Bisa Terjadi Lebih Dini
Defisiensi (kekurangan) hormon testosteron dapat menimbulkan berbagai gangguan, tergantung pada kapan dan seberapa luas defisiensi itu terjadi. Tak hanya pada pria usia produktif dan usia lanjut, defisiensi testosteron juga bisa terjadi pada kelompok usia yang lebih muda, bahkan pada janin (fetus). Seperti apa tanda-tanda kekurangan testosteron pada mereka, simak ulasan dari Prof Dr dr Wimpie Pangkalahila SpAnd FAACS, berikut ini.
Masa janin (fetus)
Defisiensi testosteron pada janin berusia 9-14 minggu bisa mengakibatkan interseksualitas dengan tidak adanya maskulinisasi pada organ seks bagian luar. Keadaan interseksualitas ini bervariasi mulai dari tampak seperti kelamin wanita sampai ke kelamin pria dengan hipospadia. Jika defisiensi terjadi pada masa akhir perkembangan (sampai sekitar 24 minggu kehamilan), dapat terjadi letak posisi testis tidak normal, penis kecil dan tidak berkembang (micropenis).

Pra remaja
Bila defisiensi testosteron terjadi setelah kelahiran namun anak belum memasuki masa remaja, maka virilisasi (kejantanan) tidak terjadi.
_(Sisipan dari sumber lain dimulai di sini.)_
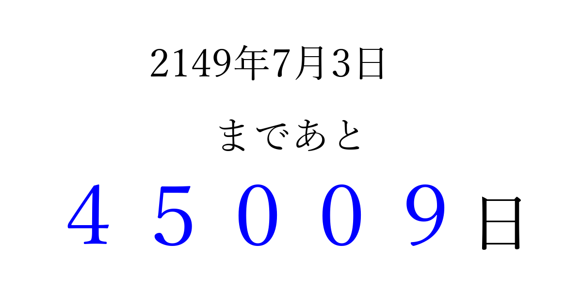 2149年7月3日(木)まで あと 99999 日です 追加すると、トップページからすぐ選べるようになります ※2026/04/10現在の結果です。 最新の状態に更新する ↓シェアして、タイムライン上にカウントダウンを表示しよう!↓ 📤 この結果を共有する Tweet シェア Threads Bluesky 別の日付でカウントダウン 2149年7月のカレンダー このページをブックマークに追加すると、いつでもカウントダウンを確認できます。 (PC: Ctrl+D / Mac: ⌘+D) hitome-notes.comでは以下のページも運営しています。 指定日と期間から日付を計算 | ガチャ確率計算・シミュレーション | プライバシー・ポリシー 運営者:Avocado

Akibatnya muncul gejala eunuchoidism, yaitu tulang rawan epifise tidak berhenti tumbuh sehingga tulang lengan dan kaki menjadi panjang. Tanda lain yang terjadi adalah suara tidak berubah membesar, tidak tumbuh (sangat sedikit) rambut di wajah dan tubuh, rambut kelamin juga jarang, dan testis tidak berkembang.

Setelah masa pubertas
Bila defisiensi testosteron terjadi setelah anak memasuki masa pubertas, tanda yang terjadi bervariasi. Proporsi tubuh, suara, dan ukuran penis tidak berubah, namun rambut di tubuh dan wajah berkurang. Tanda yang penting adalah berkurangnya dorongan seksual dan fungsi ereksi, selain terjadi gangguan kesuburan bahkan kemandulan. Gejala lain adalah terjadinya osteoporosis (pengeroposan tulang), anemia, kelelahan, tenaga dan vitalitas menurun. Nah, kini cermati anak-anak Anda. Adakah tanda-tanda ini pada mereka?